At the same time, drug companies are shifting a lot of money and effort into new ways of developing drugs, portending a revolution that could save or extend the lives of millions around the world. Biotechnology- based drug development will allow drugs to be tailored to an individual or a select group of patients, avoiding major side effects. In the long term, we will begin to correlate more and more genes with particular diseases that define an individual's risk profile, which will in turn allow us to limit or avoid that risk, either by lifestyle modification or therapeutic intervention.
But don't get your hopes up. The enemies of medical progress are busy devising ways to discourage the use and development of new drugs. The MaineRx program is a case in point. Maine wants to force drug prices down for everyone in the state -- regardless of income or need -- by refusing to pay for new medicines except at the Medicaid price. Sen. Olympia Snowe calls this a victory for consumers.
Let's see: A new drug may allow doctors to treat pancreatic cancer in a way that prolongs a patient's life with fewer negative side effects than an old drug, but if it costs more than the price set by the government, the doctor won't prescribe it, since there is no guarantee that he will get reimbursed for prescribing it. Doctors will end up prescribing older and cheaper drugs regardless of whether newer and better ones exist. Quite a triumph, Senator.
Price controls are gaining momentum outside of Maine. Medicaid and the Department of Veterans Affairs already restrict access to new medicines. The Bush administration has proposed reimbursing the newest cancer treatments at the price of older, generic drugs -- in short, reimbursing tomorrow's drugs at yesterday's prices. Why would a pharmaceutical company risk developing a breakthrough drug when government-established drug lists are likely to keep the products from patients? Indeed, why do so when politicians and activists want to allow generic companies to make cheap copies of your products? And anyway, where will the money for future cures come from if we are just consuming increasingly older medicines?

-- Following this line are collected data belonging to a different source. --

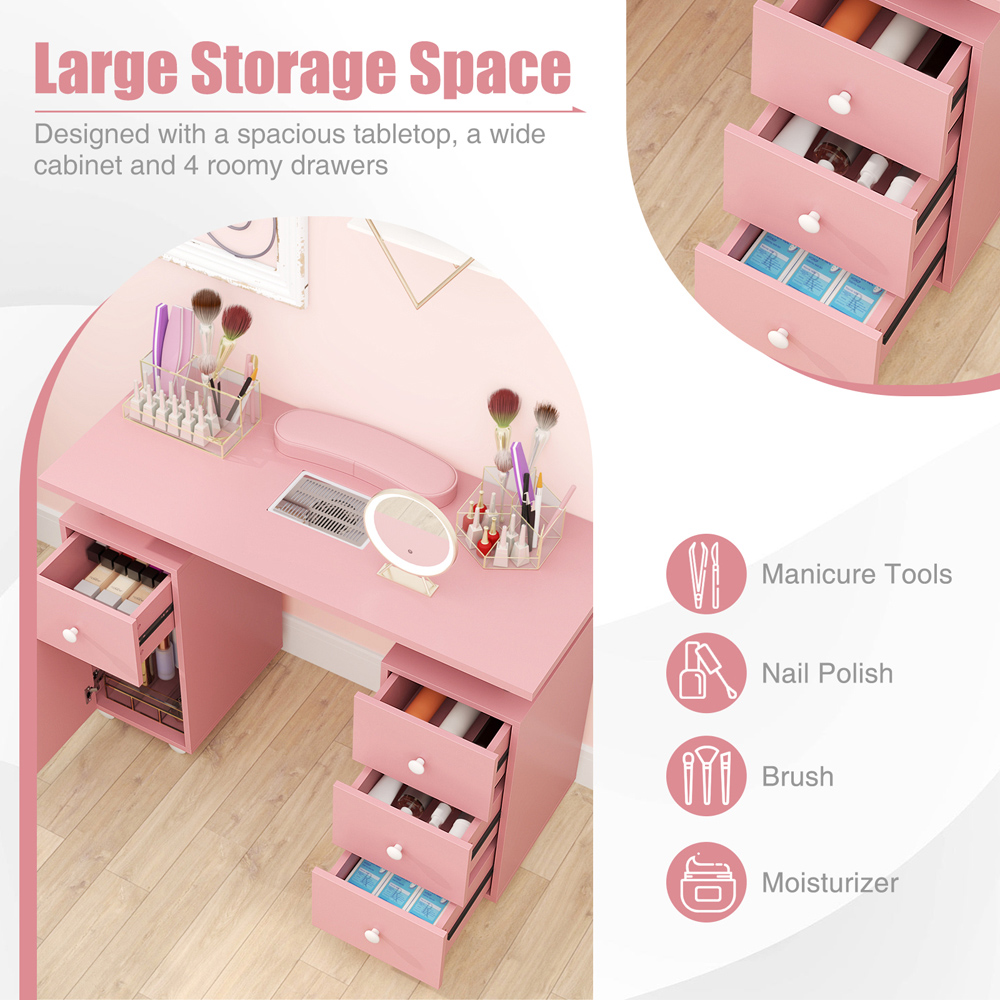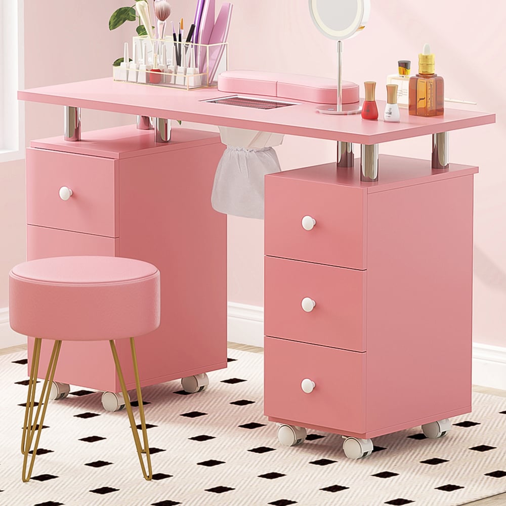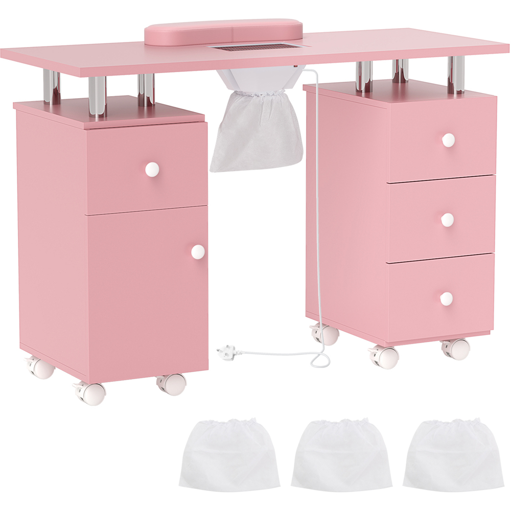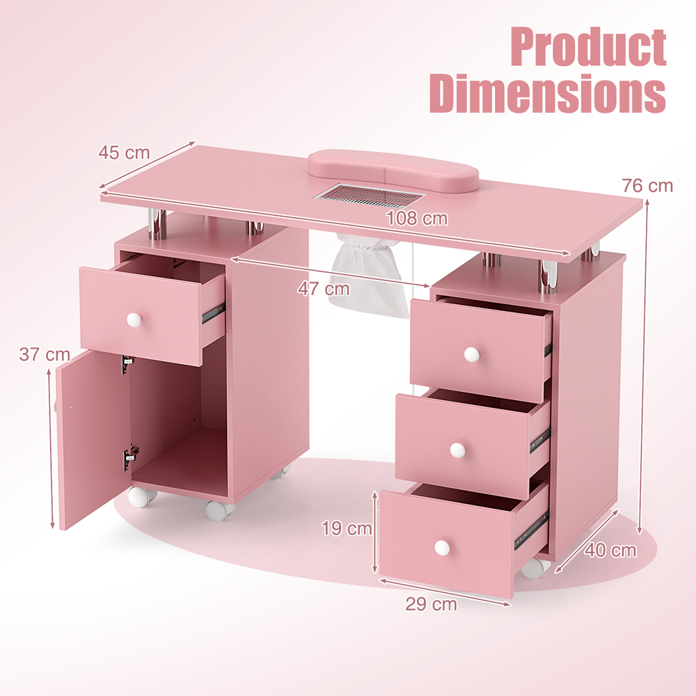 Elevate Your Nail Care Experience to New Heights! The premium manicure table is meticulously designed to meet the needs of nail technicians and beauty enthusiasts. Say goodbye to nail dust residue with the powerful dust collector and three reusable dust bags, ensuring a clean and professional workspace. Crafted from a premium acetone-resistant tabletop and a sturdy stainless steel frame, the nail desk is a reliable and practical choice for professional salons and home use. Furthermore, the inclusion of eight rolling wheels with brakes allows for easy manoeuvrability within your salon space, while the detachable wrist rest cushion provides comfort for your clients during nail treatments. Additionally, the nail art workstation features one large storage cabinet with safe buffered damp hinges and four drawers for classified storage, keeping your nail tools organised and easily accessible.
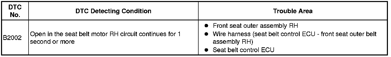 DTC B2002 - Open in Seat Belt Motor RH Circuit
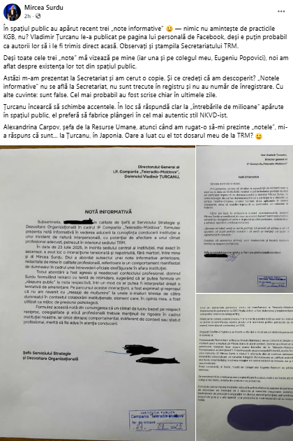 „În spațiul public au apărut recent trei „note informative” — nimic nu amintește de practicile KGB, nu? Vladimir Țurcanu le-a publicat pe pagina lui personală de Facebook, deși e puțin probabil ca autorii lor să i le fi trimis direct acasă. Observați și ștampila Secretariatului TRM.
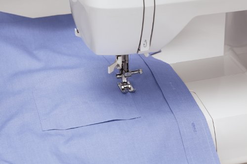 -. Feature : Automatic needle threader--sewing's biggest timesaver / 60 built-in stitches--essential, decorative, stretch and four fully automatic one-step buttonholes / Automatic stitch length and width for strong seams and to prevent fabric puckering / Easy-to-read LCD screen / Extra-high presser foot lifter allows more clearance when sewing multiple layers of fabric
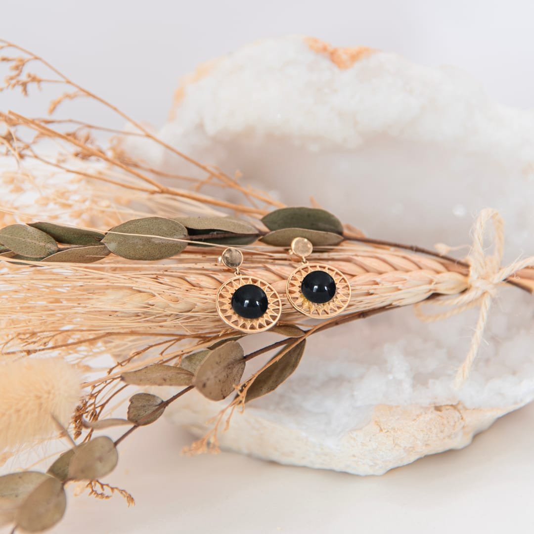 Boucles d’oreilles pendantes obsidienne leonie or
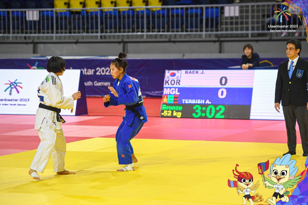 Манай бөхчүүдээс охидын 52 кг-ын жинд 2022 оны өсвөрийн Ази тивийн аваргын хүрэл медальт, 2023 онд олон улсын цомын тэмцээнүүдээс зургаан алт, нэг мөнгөн медальтай Тэрбишийн Ариунзаяа медалийн төлөө шалгарч үлдсэн юм.
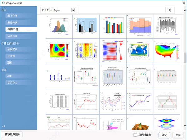 改进的 Origin Central对话框以便浏览更多图形样本,以及支持关键字和短语搜索。
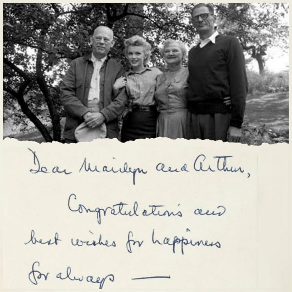 “A handwritten note on the back of a postcard mailed to Marilyn and her third husband from Arthur Millers’ parents, dated June 30, 1956 (one day after their civil ceremony marriage), reading ‘Dear Marilyn and Arthur, Congratulations and best wishes for happiness for always. Love, Helen and Isidore,’ together with the original transmittal envelope, which is missing about 75 percent of its paper.” [Arthur’s mother was christened Augusta – perhaps Helen was a preferred or middle name.]
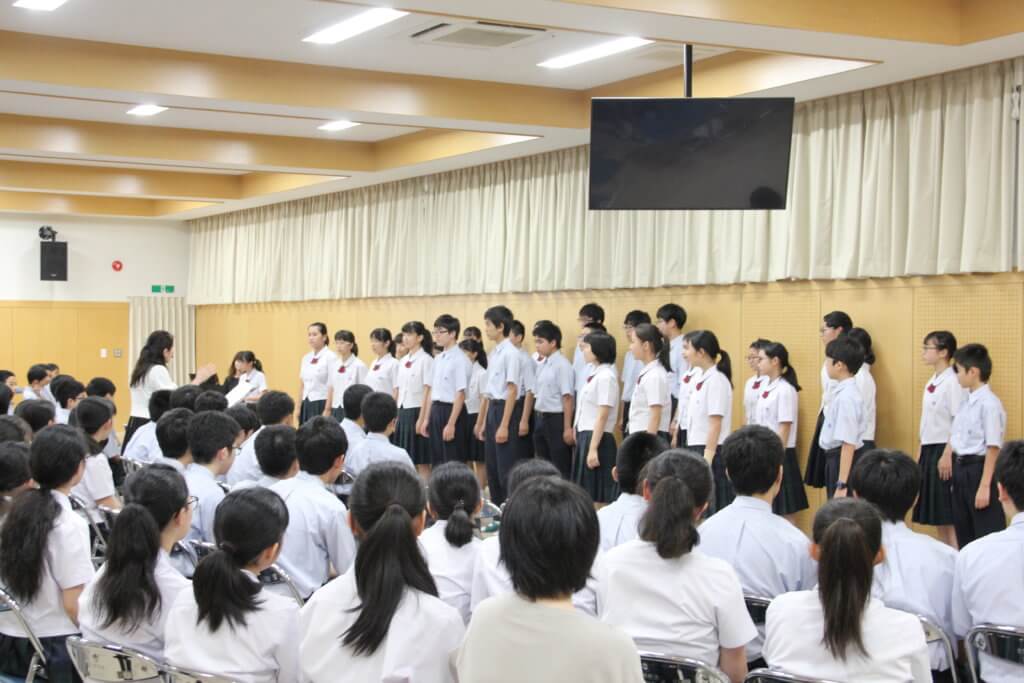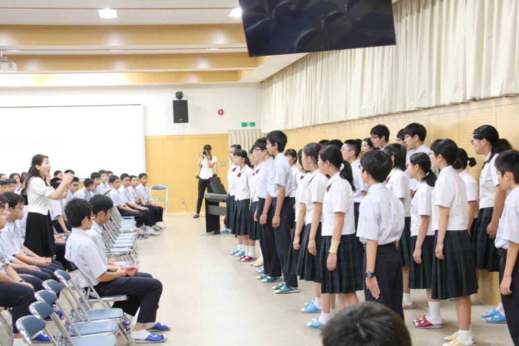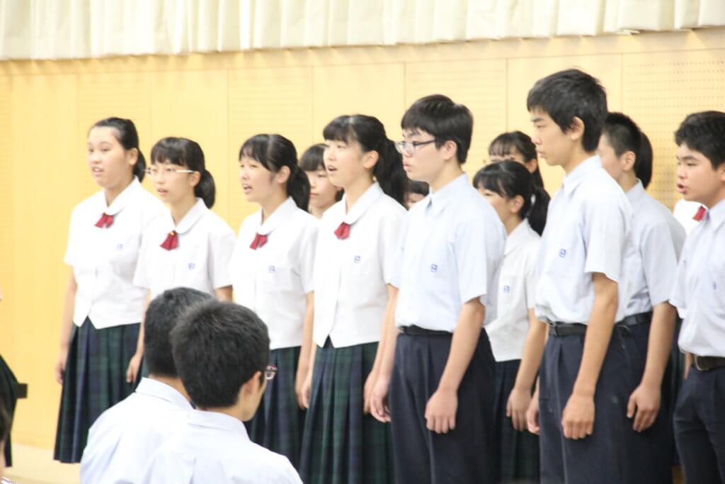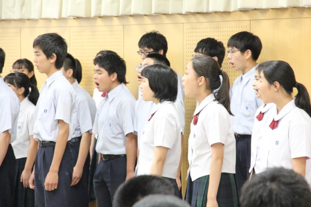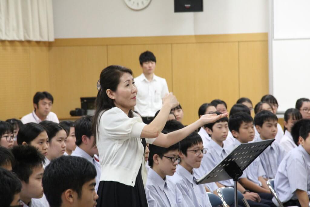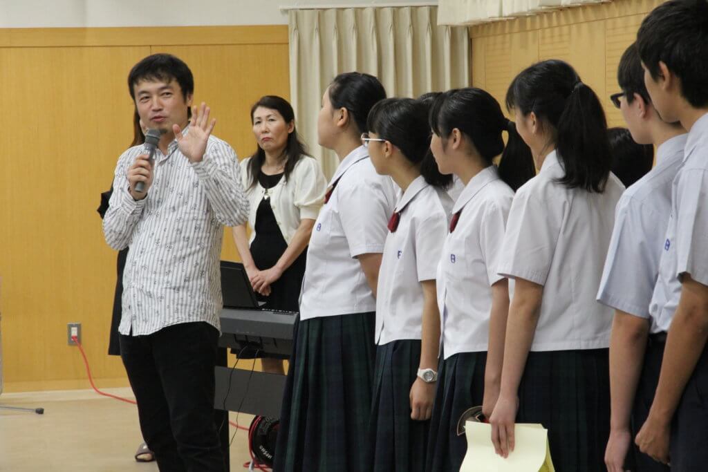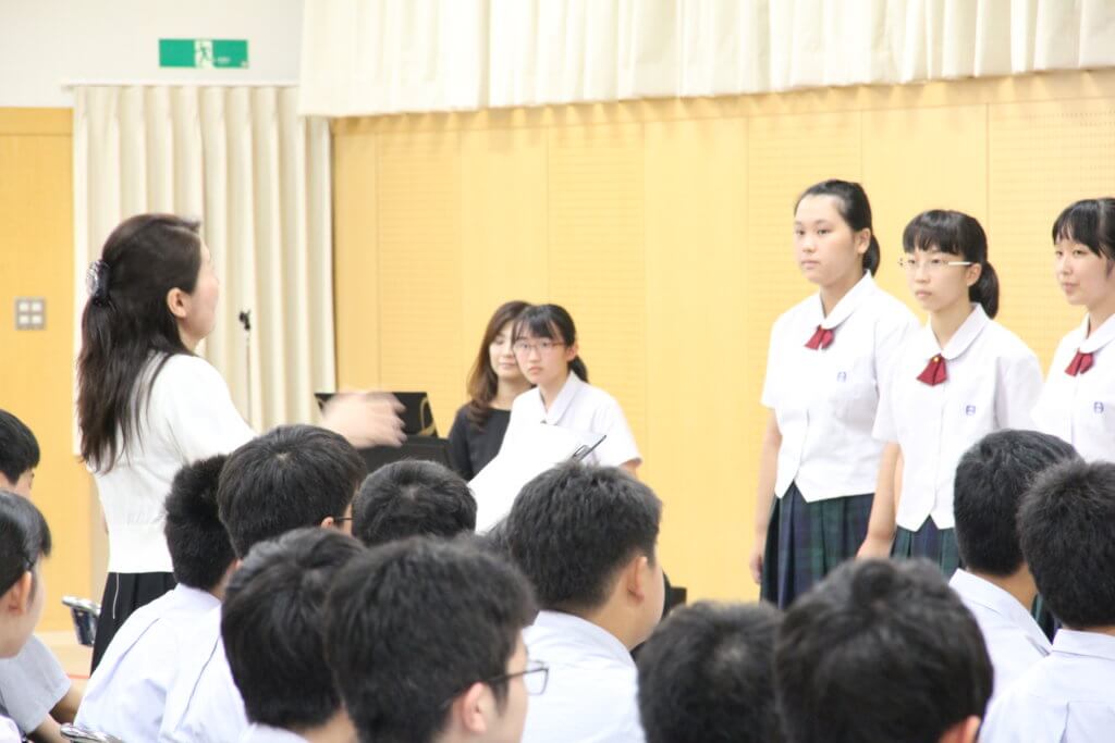 また、先日のNHK合唱コンクールで銅賞を受賞した合唱部が、その歌を披露してくれました。今回の課題曲の編集も加藤さんがされています。合唱部のメンバーから質問も丁寧に答えてくださいました。

AIDS activists want you to believe that if you strip products of patent protection, let generic companies make them cheaply, and sell them to HIV-infected Africans at prices they can afford, AIDS will be eliminated. This idea is alluring. But there are almost no patents on drugs for HIV, malaria, or tuberculosis in Africa, for example, and generic firms have not rushed to manufacture or import products, because of a lack of profit opportunities. By the same token, India's HIV infection rate is rising rapidly despite the presence of hundreds of generic drug firms, weak patent protection, and cheap HIV drugs.